In this study we demonstrated that treatment with 5-azacytidine, a demethylating agent, had effects on plant traits at different life history stages in plant populations with differing life-histories. We also showed that this treatment increased phenotypic plasticity in response to light conditions, even in a population that has been bred for rapid flowering. These results contribute to the body of literature investigating how epigenetic modifications such as DNA methylation can affect plasticity and evolution. Continued work in this field can further elucidate the relationship between genetic variation, epigenetic variation, life history traits, and response to more environmental conditions such as temperature, humidity, and soil type.
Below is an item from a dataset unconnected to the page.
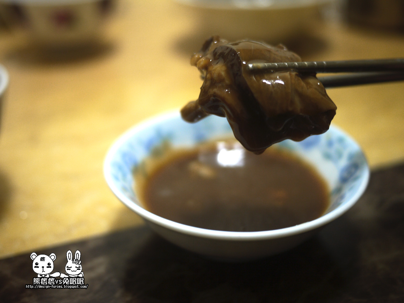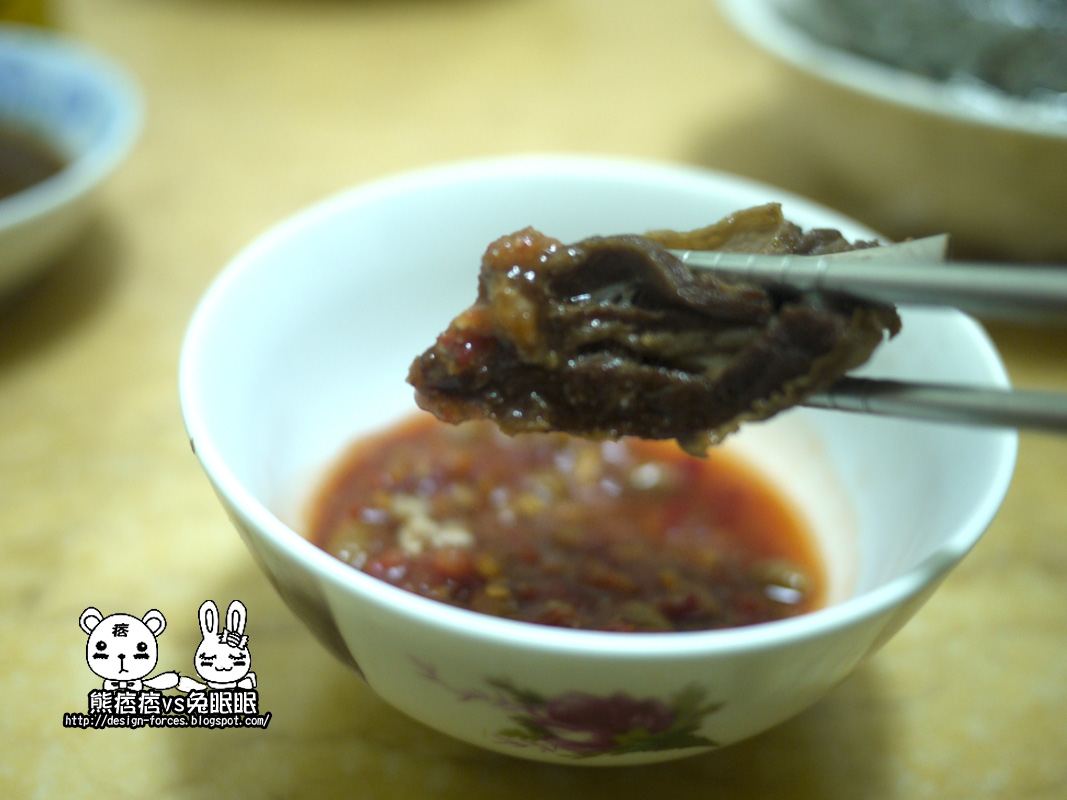 上面兩張是沾醬吃的樣子,坦白說,熊痞痞剛喝完太妃糖咖啡…現在整個味覺都是甜的…已經有點忘記羊肉沾醬的味道了,只記得第一張的辣椒不會很辣,第二張的醬料有些甜甜的樣子,最後這兩個醬料,都被熊痞痞拿去做蛋餅醬XD,以上大概是這次DIY喜美羊肉爐的心得。

This can be done in both lab-generated demethylated populations, such as those used in this study, and naturally epigenetically variant populations or individuals of the same population grown under differential conditions. Although we are still far from fully understanding the role of epigenetic variation in an organism’s response to this environment, this work is crucial to understanding how natural populations will adapt as our world undergoes rapid changes in climate.

Data Availability

The data used to support the findings of this study are available from the corresponding author upon request.

Conflicts of Interest

The authors declare that they have no conflicts of interest.